Community partnerships are crucial to a community college, and SFCC is no exception. The Santa Fe Public Schools’ Early College Opportunities (ECO) Applied Science High School, overseen by Dr. Will Wade, aligns standards-based curriculum with SFCC coursework. ECO students receive hands-on academic instruction in career pathway programs in Building Science, Welding and Auto Technology, from the trades areas, as well as offerings in Criminal Justice and Early Childhood Education. These students have the capability to complete an associate degree or certificate before or in conjunction with earning their high school diploma.

As with any interdependence of an ecosystem, it is through collaboration and partnerships with community and business that we can assure that the content of our programs is relevant to our community. We rely on subject matter expertise from all sectors to assure current and innovative content that serves as a catalyst for the creative and critically thinking community in which we serve. The SFCC student demographic is representative of our community, a diverse group of learners all seeking to grow and improve themselves in specific ways.

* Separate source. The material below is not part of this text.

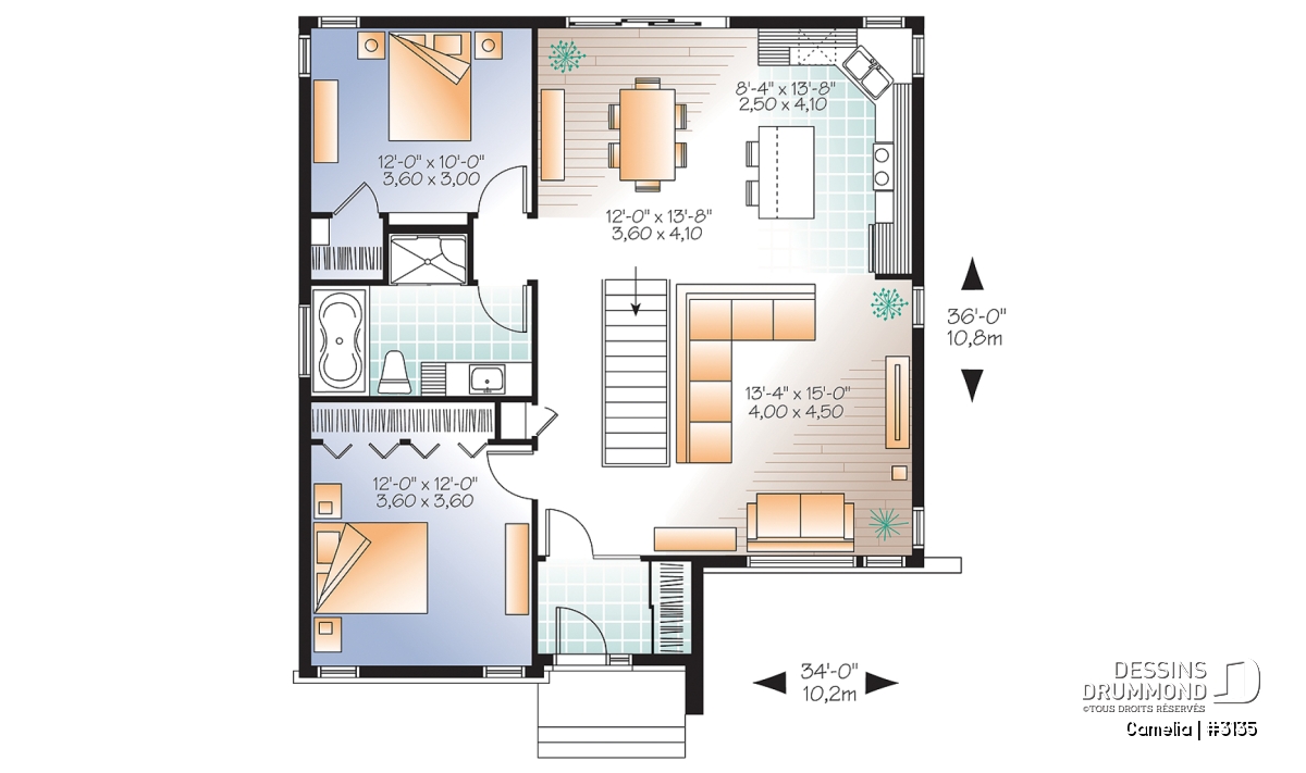 | Largeur | 34'0" | Profondeur | 36'0" |

Today’s trades and advanced technologies are the future offered to girls and boys, men and women of all cultures, in the interest of improving quality of life and community resilience. Santa Fe Community College provides access to this future.

Camilla Bustamante, Ph.D., is Dean of the School of Trades, Advanced Technology and Sustainability and the School of Business and Professional Studies, and Education at Santa Fe Community College.